**Data:**
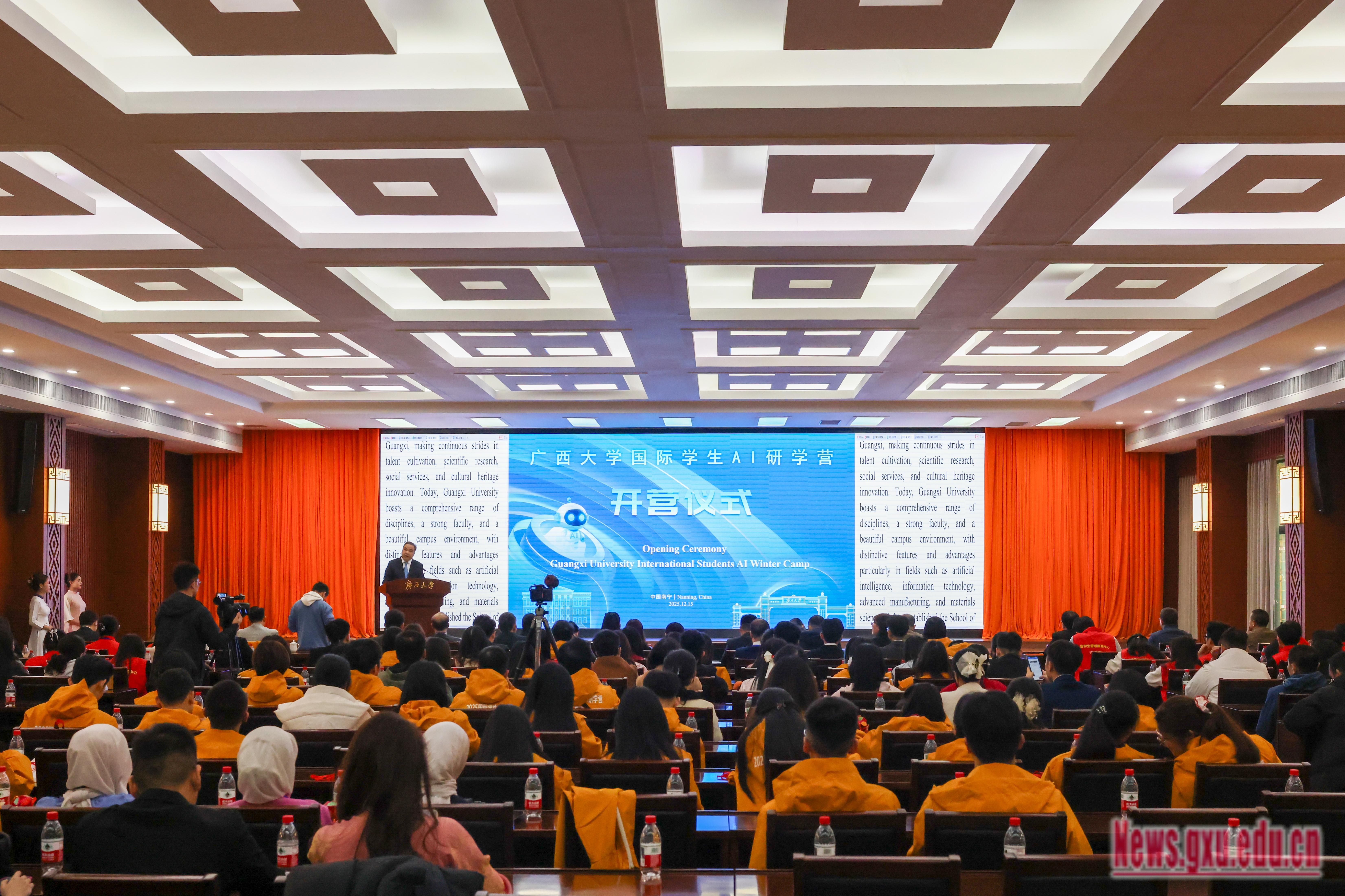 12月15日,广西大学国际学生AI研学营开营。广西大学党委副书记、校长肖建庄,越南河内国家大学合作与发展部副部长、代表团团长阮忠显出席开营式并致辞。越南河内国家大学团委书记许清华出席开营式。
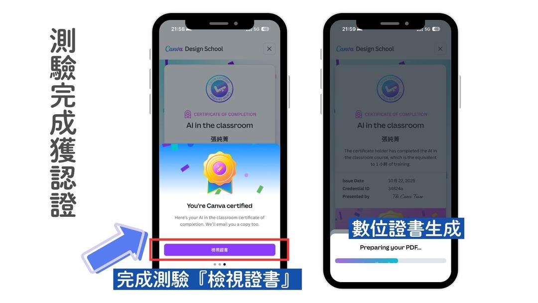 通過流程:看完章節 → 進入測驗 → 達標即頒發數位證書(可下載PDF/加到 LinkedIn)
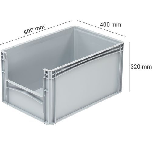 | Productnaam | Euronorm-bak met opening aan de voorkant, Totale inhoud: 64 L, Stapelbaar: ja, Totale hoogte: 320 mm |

**Work instructions:** Reproduce everything above exactly, images excluded.

**Task result:**
 12月15日,广西大学国际学生AI研学营开营。广西大学党委副书记、校长肖建庄,越南河内国家大学合作与发展部副部长、代表团团长阮忠显出席开营式并致辞。越南河内国家大学团委书记许清华出席开营式。
 通過流程:看完章節 → 進入測驗 → 達標即頒發數位證書(可下載PDF/加到 LinkedIn)
 | Productnaam | Euronorm-bak met opening aan de voorkant, Totale inhoud: 64 L, Stapelbaar: ja, Totale hoogte: 320 mm |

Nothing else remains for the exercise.